Is metric space $(\left<0,\infty\right),d_E)$ local compact complete separable?

Question

Consider metric space $(X,d_E)$, where $X=\left<0,\infty\right)$ and $d_E(x,y)=|x-y|$. I would like to show that $(X,d_E)$ is local compact complete separable metric space.

I think that if I take $\mathbb{Q}^+_0$, which is the countable set, then $\overline{\mathbb{Q}^+_0}=\left<0,\infty\right)$. It means that $(X,d_E)$ is separable space.

Intuitively I think that $(X,d_E)$ is also complete space, because $(\mathbb{R},d_E)$ is complete space and my new set is $\left<0,\infty\right)$, so the only one problem can be with number $0$ but $0\in\left<0,\infty\right)$.

Finally I have troubles with local compactness. So any help will be appreciated. Thank you very much.

Answer 1

First note that your metric $d_E$ is the "usual" norm that we endow on $\mathbb{R}$, which is well-known to be complete. Thus, the topology of $(X,d_E)$ is the same as the subspace topology inherited from $(\mathbb{R},d_E)$.
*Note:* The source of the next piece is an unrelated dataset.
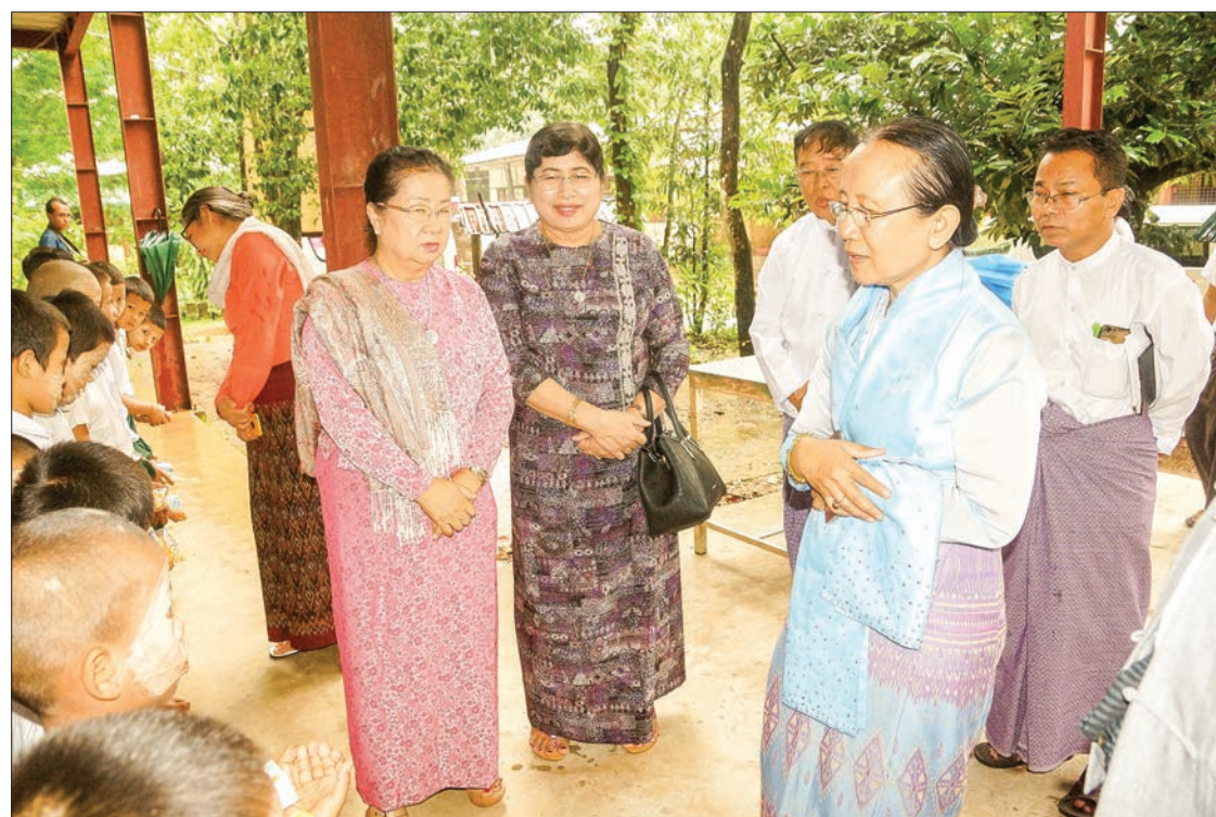
Members the Orphans Reduction and Protection Association (Myanmar) meeting with orphans in Pathein.

Afterwards, they visited the Saytawun Youth Development

• $(X,d_E)$ is locally compact, as a closed subspace of a locally compact space is locally compact.

• $(X,d_E)$ is complete, as a closed subspace of a complete space is complete.

• $(X,d_E)$ is separable, as indeed $\mathbb{Q}^+$ is a countable dense subset of $X$. Alternatively, a metric space is separable iff it is second countable, and subspaces of a second countable space are second countable.